I think what's going to happen is that we are going to try to figure out immunologically what is the best strategy to achieve drug-free remission if you treat early. Early diagnosis followed by early initial—some say aggressive, I would say optimal—treatment to get people into a great state of remission by as early as 6 months if not a year, and then trying for at least mostly drug-free remission. I think that is the way of the future.

My suspicion is that all of our medications could help achieve that, but it's quite possible that using an approach higher up in the immunologic food chain where the disease is being driven will be more effective in getting people into drug-free remission down the line. The AVERT study,[1] which was something we would never do in practice, nonetheless showed some interesting results.

Patients received methotrexate, abatacept, and some were on steroids. They were treated for a year. Everyone with low disease activity had all drugs stopped within a month, and the only people who were able to successfully remain drug-free were those on the abatacept-plus-methotrexate combination, and there are some reasons for that.
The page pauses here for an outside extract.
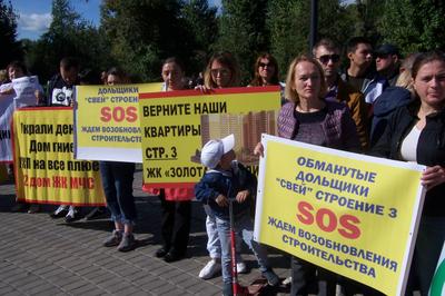 Митинг проводился совместно с инициативными группами, практически всех «замороженных» объектов: строительная компания «Фон» - ЖК «МЧС», ЖК «Молодежный», ЖК «Симфония», ЖК «Царицынский бугор»; строительная компания «Свей» - ЖК «Золотая середина», «68 квартал» и др. В акции протеста приняли участие более 350 человек.

Secondly, if you were treated within 3 months, your chance of being drug-free 18 months later was 30%, which is higher than we've ever seen.

Dr Paget: This drug-free concept obviously is important, not only for the patient's life and cost but also the ability to stop a drug that has potential side effects.

Dr Bykerk: Exactly.

Dr Paget: What about in the setting of anti-TNFs? Is it a similar concept, with an early approach possibly giving you the ability to get off of all medicines?
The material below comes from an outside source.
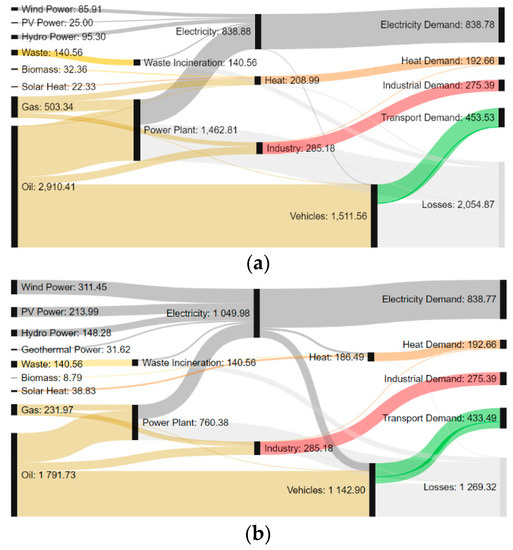 Next to the RE for electricity production, solar radiation is further used for heat production. Other heating fuels are electricity, biomass, gas, and a minor share of oils—50% of the oil is otherwise needed in the transport sector [67]. In total, the reference model shows that 11% of the PES is based on RE, including waste incineration. The electricity production, however, is made up by 29% RE, despite limits in the RE exploitation.

Dr Bykerk: We haven't done that same study with the anti-TNFs. We have seen, though, in early disease if you add an anti-TNF plus methotrexate, if you're in remission at a year, you can drop the dose. In many patients, you can even leave the methotrexate and take the anti-TNF away. You can't stop everything. Only 40% of people can stop a TNF inhibitor completely, but about 60%-80% can drop the dose. That's already a cost savings and probably a risk savings as well, although people are still concerned that they have to maintain a biologic like an anti-TNF.

Dr Paget: What role do you think the biosimilars will play in this $40-$50 billion industry?
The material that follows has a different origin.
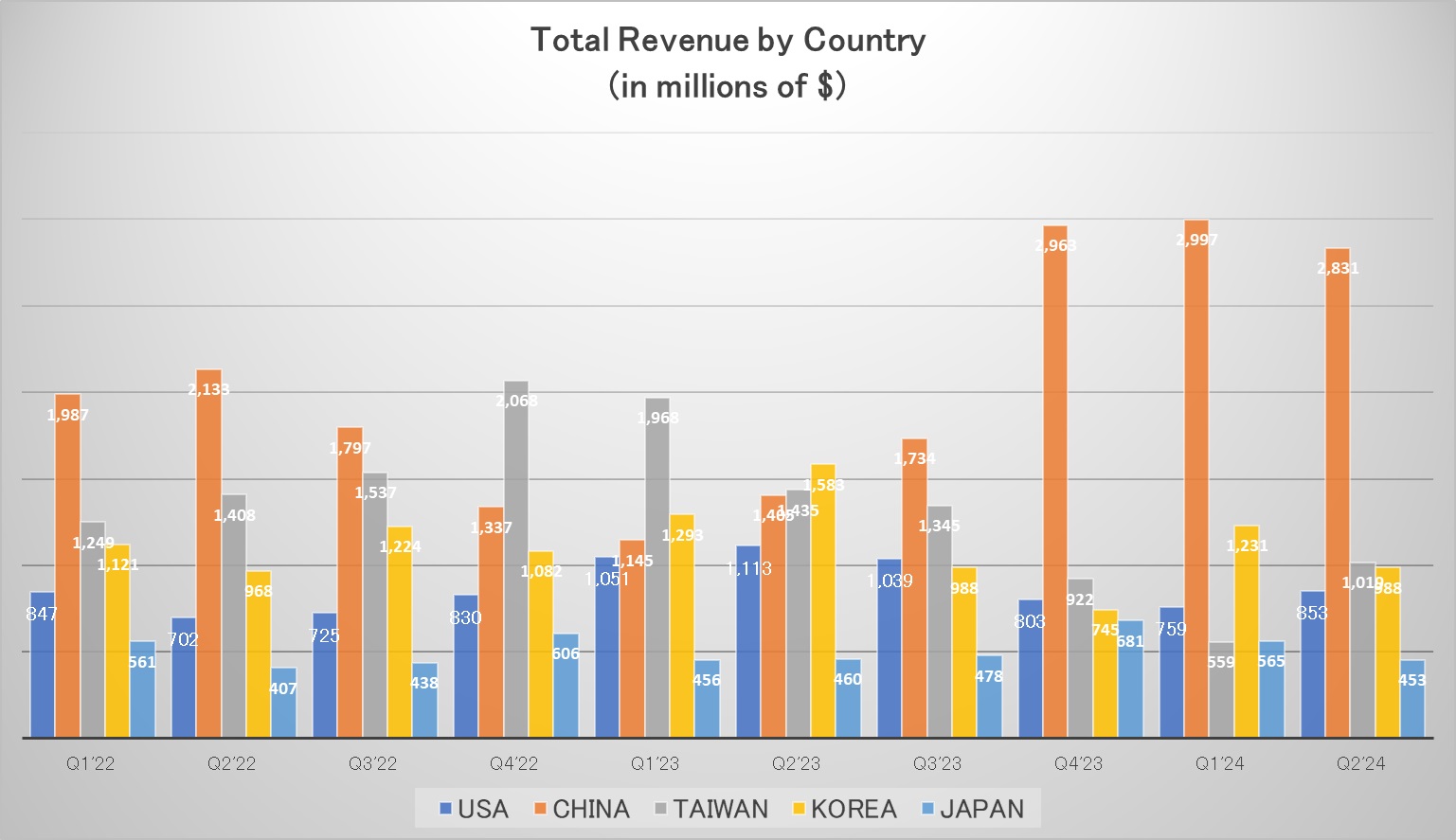今回の決算を受けて社長兼CEOのGary Dickerson氏は、「アプライド マテリアルズは、AI、IoT、電気自動車、クリーンエネルギーといった技術における、大きな変革を支えるチップ向けの最先端の材料工学技術を豊富に持っています。これにより、当社はこれらの長期的な成長トレンドに乗って、さらなる成長を遂げる絶好のポジションにいます」と言っているが、下のチャートで示した通り、市場の懸念はやはり中国にあるようだ。ご覧頂ける通り、足許のアプライドマテリアルズの収益を少なくとも3四半期は中国向けの売上が支えているが、残念ながら、米国の対中国向けの規制の影響もあり、減少トレンドにあることは間違いない。勿論、この3四半期で中国向けが伸びている背景には、中国企業の焦りもあっただろうと思われるが、アプライドマテリアルズのビジネス構造上は中国リスクがかなり高いと思わざるを得ないのも事実。どう贔屓目に見ても、日本が中国の代わりになれるような売上にはなっていないし、それは当分有り得ない話だろう。

Dr Bykerk: The biosimilars will trump the regular medications. However, our regular medications will become biosimilars, so they'll just drop the price and stop marketing it. It's sort of like Abbott Laboratories making Synthroid® as an L-thyroxine. They're going to come in there with it, and as long as they're truly biosimilar, it doesn't matter from a cost perspective or from the patients' perspective.

I worry about a couple things. I don't think we should be interchanging biosimilars. I think there's a chance of immunogenicity and confusing what's going on because if the patients flare between them, we won't know. I don't have a problem with biosimilars, but pick one and keep on it from the beginning. Don't change. Whatever you start, you continue.

Dr Paget: Do you think the insurance companies will mandate it because it costs less?

Dr Bykerk: They'll mandate what costs less, so it doesn't matter if it's biosimilar. We already see that there are deals being made with pharma and the payers. Some payers have made a deal with one company; other payers have made a deal with a different company. I don't even talk to a patient yet about which one I'm going to start because I don't know yet what insurance company they have and which drug they're going to tell me to use. Is it going to be adalimumab, etanercept, certolizumab? They're all different. Every insurance company will let me start a different one, and quite frankly, I don’t care. They all work.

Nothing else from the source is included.